## MATERIAL SHOWN
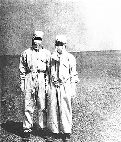 1979年,尋回未爆的核武器彈頭后,鄧稼先(左)與同事合影于新疆核試驗基地的戈壁灘。
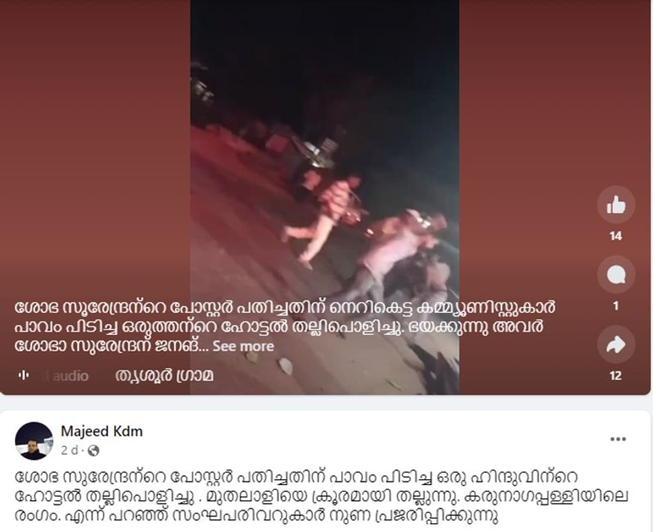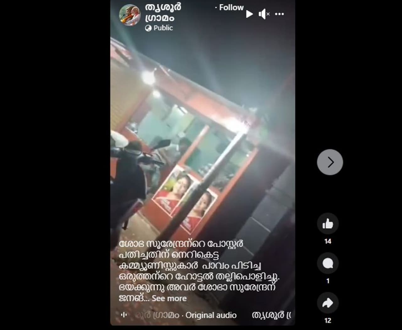 'ശോഭ സുരേന്ദ്രന്റെ പോസ്റ്റര് പതിച്ചതിന് നെറികെട്ട കമ്മ്യൂണിസ്റ്റുകാര് പാവം പിടിച്ച ഒരുത്തന്റെ ഹോട്ടല് തല്ലിപൊളിച്ചു. ഭയക്കുന്നു അവര് ശോഭ സുരേന്ദ്രനെ, ജനങ്ങള് കാണട്ടെ... ഒരു പോസ്റ്റര് പതിക്കാനുള്ള അവകാശവും ഈ നമ്പര് വണ് കേരളത്തില് ഇല്ലയോ'- എന്ന കുറിപ്പോടെയാണ് തൃശൂര് ഗ്രാമം എന്ന ഫേസ്ബുക്ക് അക്കൗണ്ടില് വീഡിയോ റീല്സായി പോസ്റ്റ് ചെയ്തിരിക്കുന്നത്. കുറേ യുവാക്കള് ചേര്ന്ന് ഒരു ഹോട്ടല് തല്ലിപ്പൊളിക്കുന്നതും മര്ദിക്കുന്നതുമാണ് വീഡിയോയിലുള്ളത്. കുറച്ചാളുകള് ഈ സംഭവമെല്ലാം നോക്കിനില്ക്കുന്നതും ദൃശ്യങ്ങളില് കാണാം.
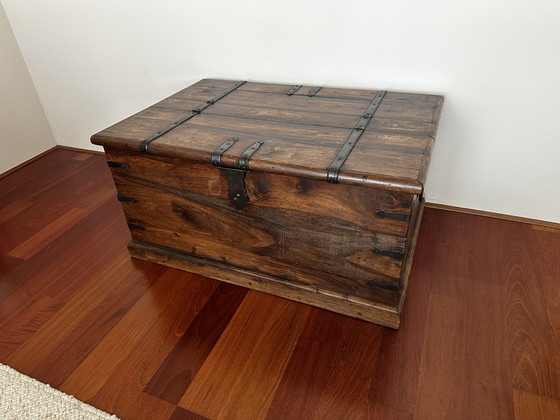 Deze prachtige vintage dekenkist is een tijdloos stuk dat zowel functionaliteit als charme toevoegt aan uw interieur. Met zijn robuuste houten constructie en metalen beslag straalt deze kist een authentieke vintage sfeer uit. Perfect voor het opbergen van dekens, kussens of andere persoonlijke bezittingen. De natuurlijke houttinten en het donkere metaal zorgen voor een warme en uitnodigende uitstraling. Voeg een vleugje geschiedenis toe aan uw huis met deze unieke dekenkist.
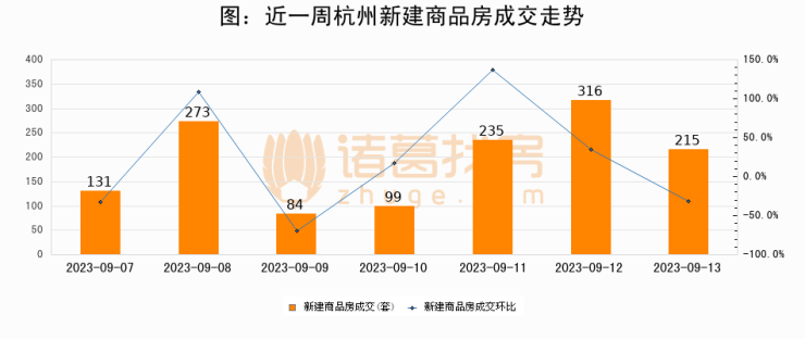 根据杭州市住房保障和房产管理局数据显示,2023年09月13日杭州新建商品房成交215套,较昨日减少101套,环比下降32%。近一周杭州新建商品房日均成交194套。09月13日单日成交215套,高于近一周平均水平10.8%。
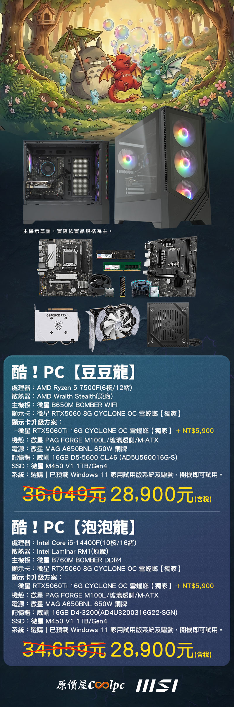 這陣子光看到記憶體與 SSD 的價格就縮了,但現實是…遊戲要玩、案子要做,最終電腦還是得組。原價屋這次直接找上 NVIDIA、AMD、Intel、MSI 各大廠談個痛快!我們決定竭盡所能為各位玩家守住這塊最後的性價比淨土,正式推出酷!PC【豆豆龍】與【泡泡龍】特仕主機。整套最高折價超過 NT$7,000!同步開啟 +NT$5,900 升級 RTX 5060 Ti 16G 的專案,翻倍的 GPU 記憶體,針對有 AI 繪圖、LLM 模型與 3D 渲染,甚至單純遊戲需求的專業玩家皆可受惠!
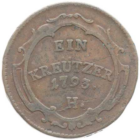 691. Cu Krejcar 1793 H, Günzburg, Her.1071 -1/1- 300,- --.-
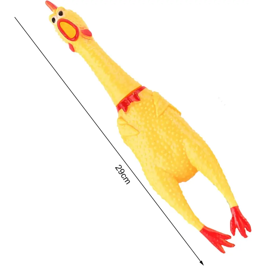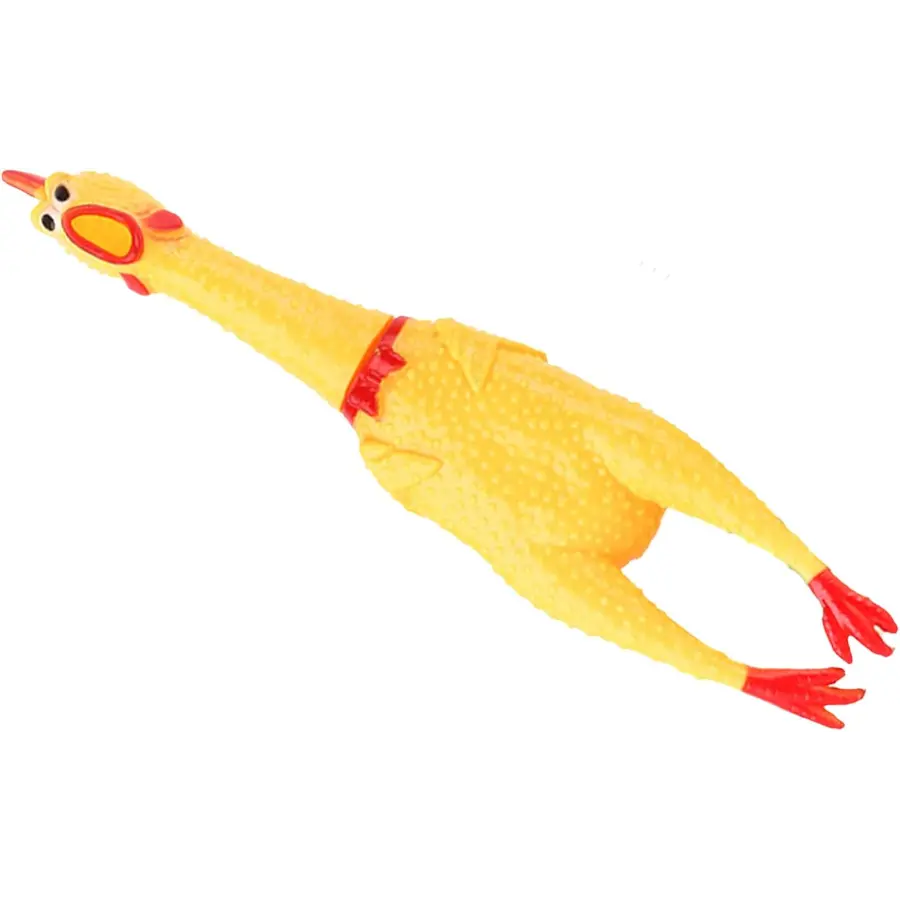 A squeaky noise-maker inside for that iconic rubber chicken scream
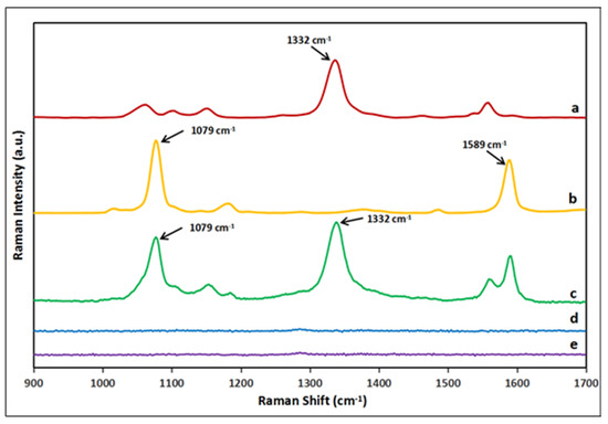 SERS nanoprobe was prepared by modifying Au@Ag NP with Raman labels and antibody/receptor. Firstly, a layer of DTNB or MBA molecules was placed on the Au@Ag NP via Au-S bond. Both DTNB and MBA have been utilized as Raman labels owing to their inherent capacity to generate a characteristic and intense SERS signal [10,12]. Figure 2 shows the characteristic peaks of DTNB mainly comprise 1059, 1332, and 1558 cm−1, while the typical peaks of MBA mainly comprise 1079 and 1589 cm−1, respectively. As the bands of 1332 cm−1 of DTNB and 1079 cm−1 of MBA are the most intense bands in their spectra, the SERS intensity of two bands was thus used for quantitative analysis. It can be observed that the two bands from DTNB and MBA have no significant overlap with each other, thus facilitating the simultaneous detection of two different antibiotic residues on a single test line by utilizing DTNA and MBA as Raman labels in the preparation of SERS nanoprobes. To further confirm the SERS enhancement effect originated from Au@Ag NPs, the Raman signal of both Au@Ag NP-DTNB/MBA complexes and free DTNB/MBA molecules was compared. As revealed in Figure 2, the Au@Ag NP-DTNB/MBA complexes produced an intensive Raman signal at 1332 cm−1 and 1079 cm−1, respectively. Nevertheless, free DTNB and MBA molecules at the same Raman reporter concentration did not produce any observable Raman signal. Furthermore, the Au@Ag NPs cannot yield any observable Raman signal (Figure 2a). Thus, it can be concluded that the Raman signals of DTNB and MBA were greatly enhanced by the Au@Ag NPs after the two Raman labels were attached onto the Au@Ag NP surface.

## EXERCISE OBJECTIVE
Without copying any images, transcribe the records exactly as they stand.

## THE ANSWER
 1979年,尋回未爆的核武器彈頭后,鄧稼先(左)與同事合影于新疆核試驗基地的戈壁灘。
 'ശോഭ സുരേന്ദ്രന്റെ പോസ്റ്റര് പതിച്ചതിന് നെറികെട്ട കമ്മ്യൂണിസ്റ്റുകാര് പാവം പിടിച്ച ഒരുത്തന്റെ ഹോട്ടല് തല്ലിപൊളിച്ചു. ഭയക്കുന്നു അവര് ശോഭ സുരേന്ദ്രനെ, ജനങ്ങള് കാണട്ടെ... ഒരു പോസ്റ്റര് പതിക്കാനുള്ള അവകാശവും ഈ നമ്പര് വണ് കേരളത്തില് ഇല്ലയോ'- എന്ന കുറിപ്പോടെയാണ് തൃശൂര് ഗ്രാമം എന്ന ഫേസ്ബുക്ക് അക്കൗണ്ടില് വീഡിയോ റീല്സായി പോസ്റ്റ് ചെയ്തിരിക്കുന്നത്. കുറേ യുവാക്കള് ചേര്ന്ന് ഒരു ഹോട്ടല് തല്ലിപ്പൊളിക്കുന്നതും മര്ദിക്കുന്നതുമാണ് വീഡിയോയിലുള്ളത്. കുറച്ചാളുകള് ഈ സംഭവമെല്ലാം നോക്കിനില്ക്കുന്നതും ദൃശ്യങ്ങളില് കാണാം.
 Deze prachtige vintage dekenkist is een tijdloos stuk dat zowel functionaliteit als charme toevoegt aan uw interieur. Met zijn robuuste houten constructie en metalen beslag straalt deze kist een authentieke vintage sfeer uit. Perfect voor het opbergen van dekens, kussens of andere persoonlijke bezittingen. De natuurlijke houttinten en het donkere metaal zorgen voor een warme en uitnodigende uitstraling. Voeg een vleugje geschiedenis toe aan uw huis met deze unieke dekenkist.
 根据杭州市住房保障和房产管理局数据显示,2023年09月13日杭州新建商品房成交215套,较昨日减少101套,环比下降32%。近一周杭州新建商品房日均成交194套。09月13日单日成交215套,高于近一周平均水平10.8%。
 這陣子光看到記憶體與 SSD 的價格就縮了,但現實是…遊戲要玩、案子要做,最終電腦還是得組。原價屋這次直接找上 NVIDIA、AMD、Intel、MSI 各大廠談個痛快!我們決定竭盡所能為各位玩家守住這塊最後的性價比淨土,正式推出酷!PC【豆豆龍】與【泡泡龍】特仕主機。整套最高折價超過 NT$7,000!同步開啟 +NT$5,900 升級 RTX 5060 Ti 16G 的專案,翻倍的 GPU 記憶體,針對有 AI 繪圖、LLM 模型與 3D 渲染,甚至單純遊戲需求的專業玩家皆可受惠!
 691. Cu Krejcar 1793 H, Günzburg, Her.1071 -1/1- 300,- --.-
 A squeaky noise-maker inside for that iconic rubber chicken scream
 SERS nanoprobe was prepared by modifying Au@Ag NP with Raman labels and antibody/receptor. Firstly, a layer of DTNB or MBA molecules was placed on the Au@Ag NP via Au-S bond. Both DTNB and MBA have been utilized as Raman labels owing to their inherent capacity to generate a characteristic and intense SERS signal [10,12]. Figure 2 shows the characteristic peaks of DTNB mainly comprise 1059, 1332, and 1558 cm−1, while the typical peaks of MBA mainly comprise 1079 and 1589 cm−1, respectively. As the bands of 1332 cm−1 of DTNB and 1079 cm−1 of MBA are the most intense bands in their spectra, the SERS intensity of two bands was thus used for quantitative analysis. It can be observed that the two bands from DTNB and MBA have no significant overlap with each other, thus facilitating the simultaneous detection of two different antibiotic residues on a single test line by utilizing DTNA and MBA as Raman labels in the preparation of SERS nanoprobes. To further confirm the SERS enhancement effect originated from Au@Ag NPs, the Raman signal of both Au@Ag NP-DTNB/MBA complexes and free DTNB/MBA molecules was compared. As revealed in Figure 2, the Au@Ag NP-DTNB/MBA complexes produced an intensive Raman signal at 1332 cm−1 and 1079 cm−1, respectively. Nevertheless, free DTNB and MBA molecules at the same Raman reporter concentration did not produce any observable Raman signal. Furthermore, the Au@Ag NPs cannot yield any observable Raman signal (Figure 2a). Thus, it can be concluded that the Raman signals of DTNB and MBA were greatly enhanced by the Au@Ag NPs after the two Raman labels were attached onto the Au@Ag NP surface.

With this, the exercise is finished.